Dataset content:
◆ ◆ ◆
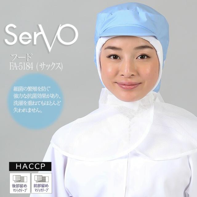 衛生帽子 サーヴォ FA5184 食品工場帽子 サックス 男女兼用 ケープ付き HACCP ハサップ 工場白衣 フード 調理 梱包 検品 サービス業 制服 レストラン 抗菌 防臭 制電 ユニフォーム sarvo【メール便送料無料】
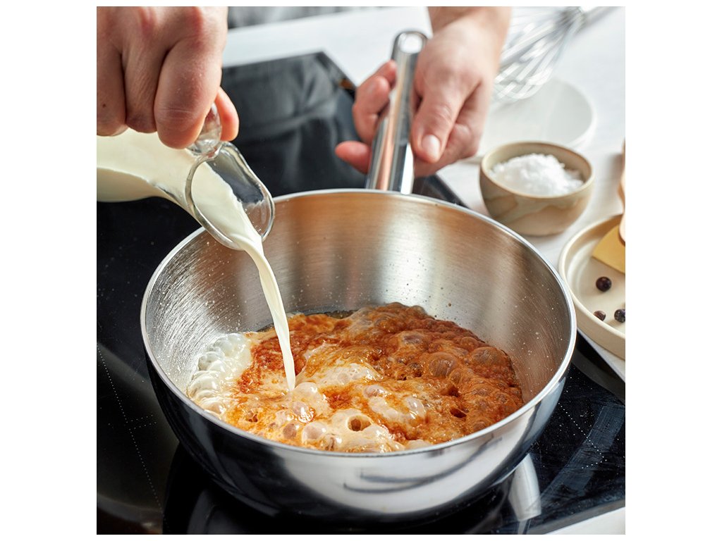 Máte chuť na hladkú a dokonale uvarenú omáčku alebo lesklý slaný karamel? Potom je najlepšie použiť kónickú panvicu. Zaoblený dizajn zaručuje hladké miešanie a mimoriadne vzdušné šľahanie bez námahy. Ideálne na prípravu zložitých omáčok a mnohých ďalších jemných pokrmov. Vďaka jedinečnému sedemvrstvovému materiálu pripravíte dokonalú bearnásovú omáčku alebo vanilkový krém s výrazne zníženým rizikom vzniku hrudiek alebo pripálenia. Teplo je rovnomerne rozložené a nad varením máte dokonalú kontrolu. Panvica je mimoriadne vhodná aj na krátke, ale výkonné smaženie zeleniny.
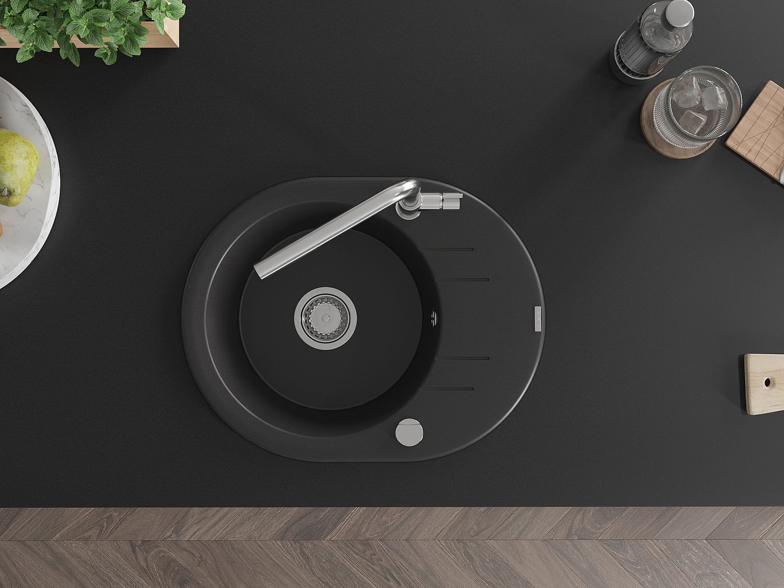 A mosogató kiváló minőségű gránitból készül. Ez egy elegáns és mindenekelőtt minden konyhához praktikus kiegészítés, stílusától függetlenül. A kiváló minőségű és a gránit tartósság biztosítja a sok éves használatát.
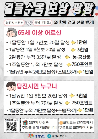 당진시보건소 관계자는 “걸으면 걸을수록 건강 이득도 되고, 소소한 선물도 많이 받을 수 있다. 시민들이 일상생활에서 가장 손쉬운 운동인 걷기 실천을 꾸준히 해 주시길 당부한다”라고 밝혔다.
◆ ◆ ◆
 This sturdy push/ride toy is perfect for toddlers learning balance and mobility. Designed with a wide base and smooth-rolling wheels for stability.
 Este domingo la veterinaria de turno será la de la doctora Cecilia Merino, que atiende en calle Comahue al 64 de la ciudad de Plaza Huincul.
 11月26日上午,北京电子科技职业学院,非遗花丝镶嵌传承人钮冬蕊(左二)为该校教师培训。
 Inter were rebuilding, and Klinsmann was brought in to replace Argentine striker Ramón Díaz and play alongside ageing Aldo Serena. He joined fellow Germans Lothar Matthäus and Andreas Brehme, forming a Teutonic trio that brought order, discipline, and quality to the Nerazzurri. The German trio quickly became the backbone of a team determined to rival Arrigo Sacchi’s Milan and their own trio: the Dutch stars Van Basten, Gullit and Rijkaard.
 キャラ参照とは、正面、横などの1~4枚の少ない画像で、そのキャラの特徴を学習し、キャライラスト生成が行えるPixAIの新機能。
◆ ◆ ◆
Required action: From the records above, give again exactly the lines running from the line with "Este domingo la" to the line with "11月26日上午,北京电子科", inclusive.

Completed task:
 Este domingo la veterinaria de turno será la de la doctora Cecilia Merino, que atiende en calle Comahue al 64 de la ciudad de Plaza Huincul.
 11月26日上午,北京电子科技职业学院,非遗花丝镶嵌传承人钮冬蕊(左二)为该校教师培训。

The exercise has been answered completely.